* [The problem] Scan the records below for the line with "المرتبطة بأمراض الرئة." and the line with "ルーズなデニムでカジュアルに、ミニスカートを合わせた甘めコーデにも◎。", and retype that range exactly, both ends included, pictures excepted.

* [Provided records]
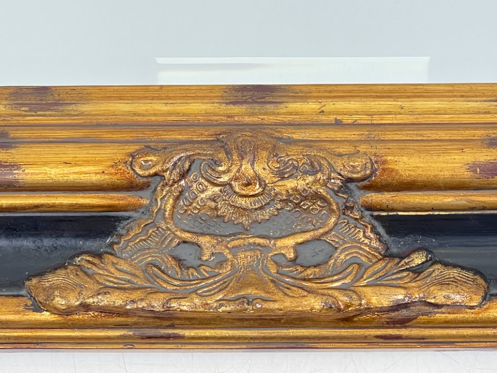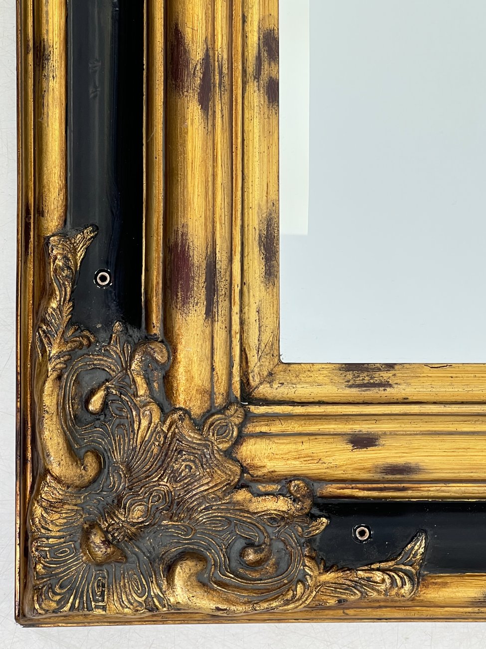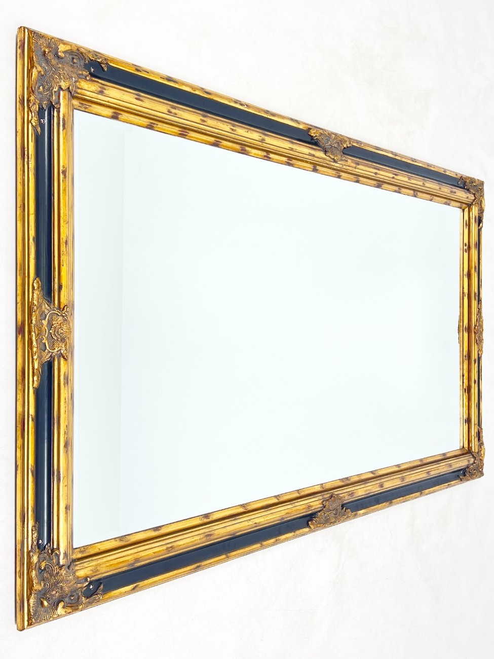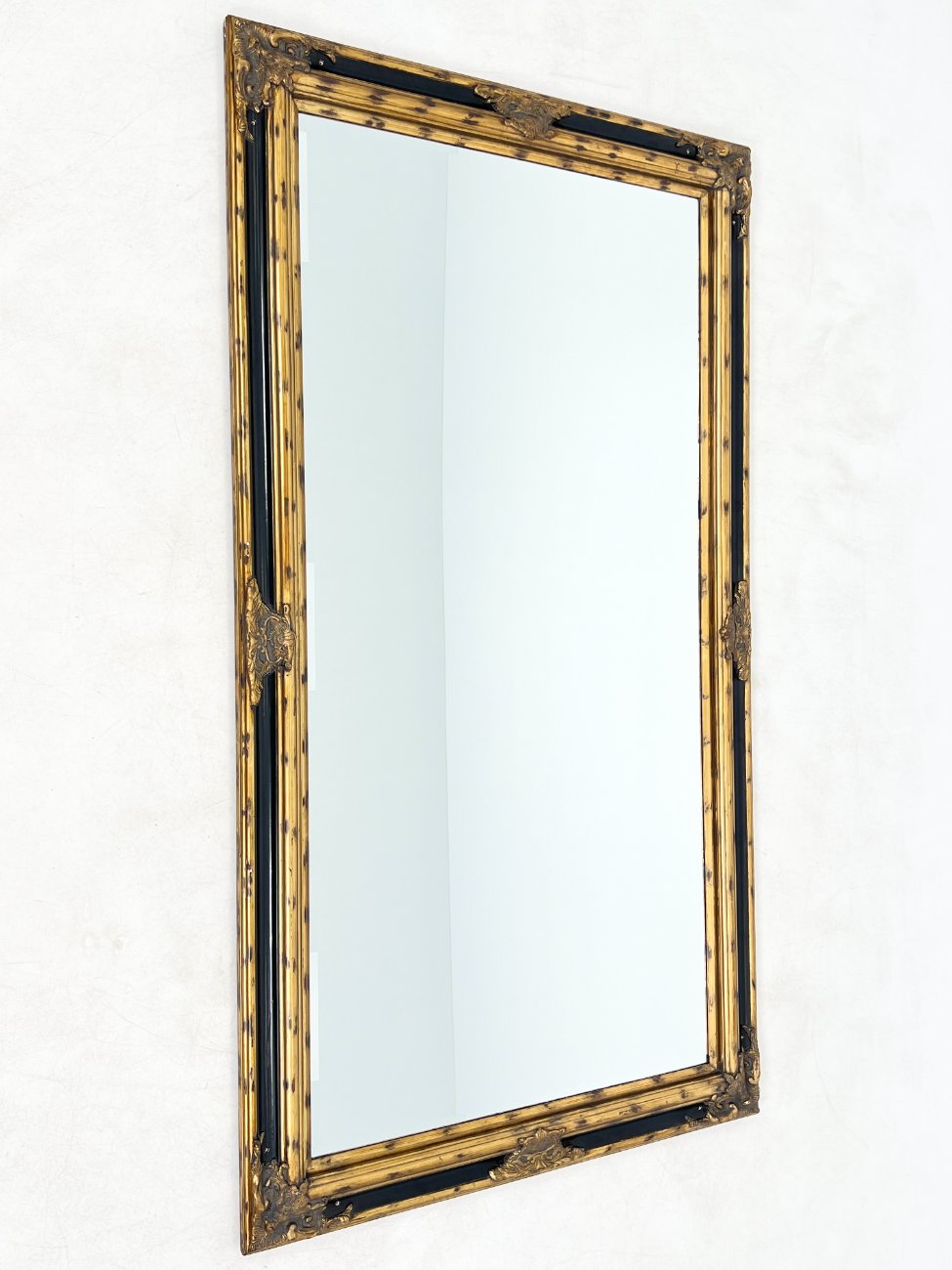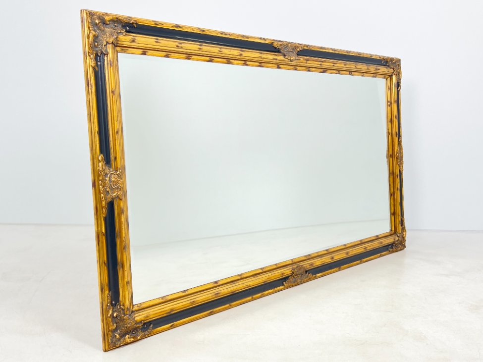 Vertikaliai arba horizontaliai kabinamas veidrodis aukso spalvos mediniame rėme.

==

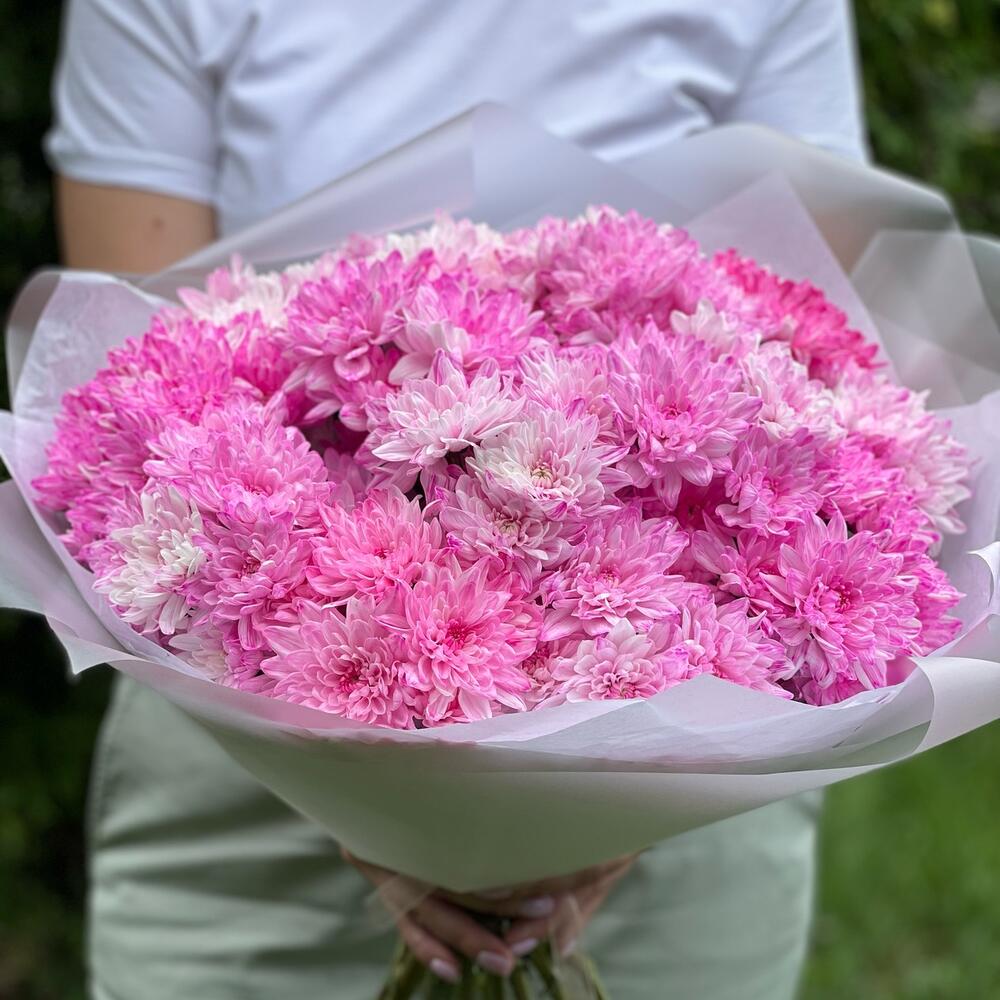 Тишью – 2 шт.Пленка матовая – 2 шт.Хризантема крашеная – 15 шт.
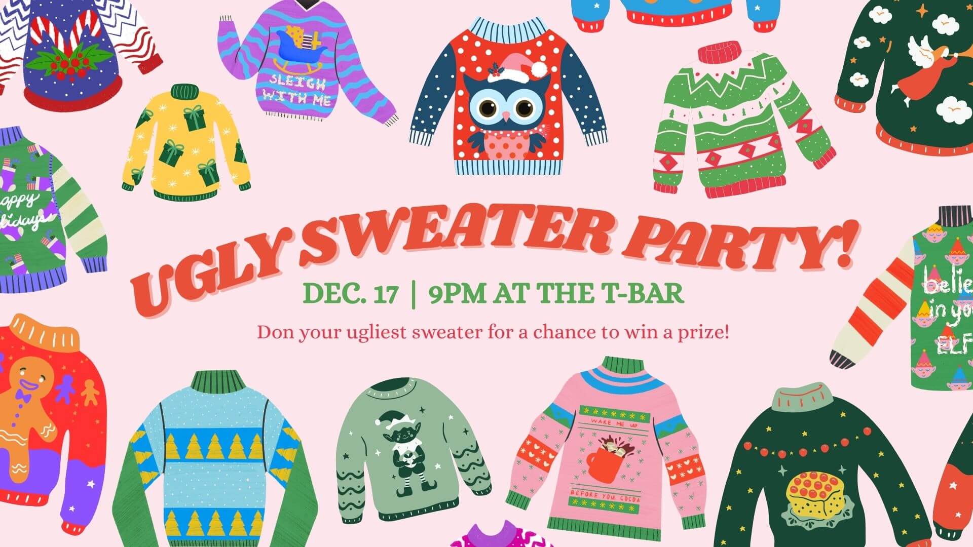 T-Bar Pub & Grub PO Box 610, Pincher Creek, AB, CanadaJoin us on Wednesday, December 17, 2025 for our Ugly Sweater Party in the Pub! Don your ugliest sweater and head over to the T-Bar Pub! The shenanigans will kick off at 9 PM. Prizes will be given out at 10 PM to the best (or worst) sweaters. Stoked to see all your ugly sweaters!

...

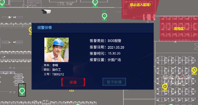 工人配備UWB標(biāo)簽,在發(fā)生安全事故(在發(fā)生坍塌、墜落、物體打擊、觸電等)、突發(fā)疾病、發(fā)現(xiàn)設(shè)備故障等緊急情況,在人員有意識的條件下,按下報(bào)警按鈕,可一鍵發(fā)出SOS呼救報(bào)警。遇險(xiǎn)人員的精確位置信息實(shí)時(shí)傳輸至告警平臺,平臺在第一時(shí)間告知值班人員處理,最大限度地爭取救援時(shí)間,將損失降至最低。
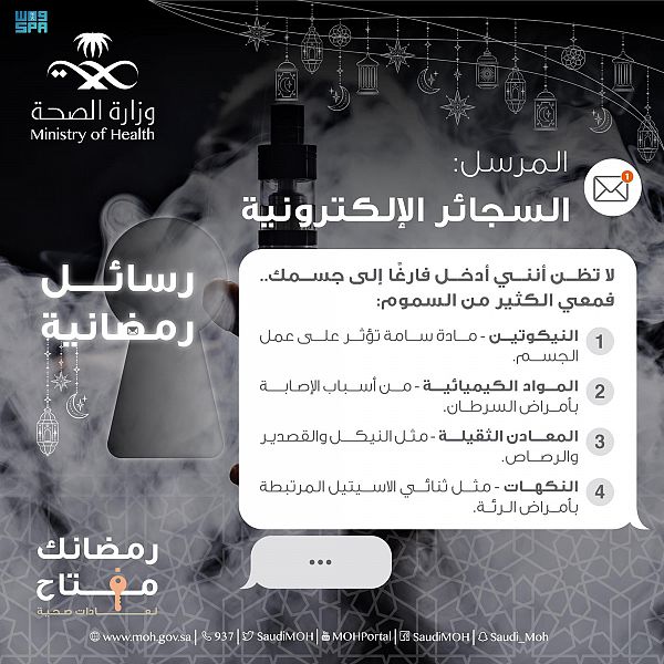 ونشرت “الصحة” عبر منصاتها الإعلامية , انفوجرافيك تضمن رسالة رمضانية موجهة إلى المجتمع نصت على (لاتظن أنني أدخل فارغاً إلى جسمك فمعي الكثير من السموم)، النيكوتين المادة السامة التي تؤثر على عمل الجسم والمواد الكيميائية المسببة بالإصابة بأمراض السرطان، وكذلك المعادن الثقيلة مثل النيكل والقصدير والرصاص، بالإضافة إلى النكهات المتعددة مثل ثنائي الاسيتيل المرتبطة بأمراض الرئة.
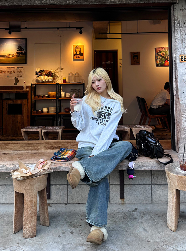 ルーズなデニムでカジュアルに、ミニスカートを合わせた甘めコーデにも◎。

* [Answer to the exercise]
 ونشرت “الصحة” عبر منصاتها الإعلامية , انفوجرافيك تضمن رسالة رمضانية موجهة إلى المجتمع نصت على (لاتظن أنني أدخل فارغاً إلى جسمك فمعي الكثير من السموم)، النيكوتين المادة السامة التي تؤثر على عمل الجسم والمواد الكيميائية المسببة بالإصابة بأمراض السرطان، وكذلك المعادن الثقيلة مثل النيكل والقصدير والرصاص، بالإضافة إلى النكهات المتعددة مثل ثنائي الاسيتيل المرتبطة بأمراض الرئة.
 ルーズなデニムでカジュアルに、ミニスカートを合わせた甘めコーデにも◎。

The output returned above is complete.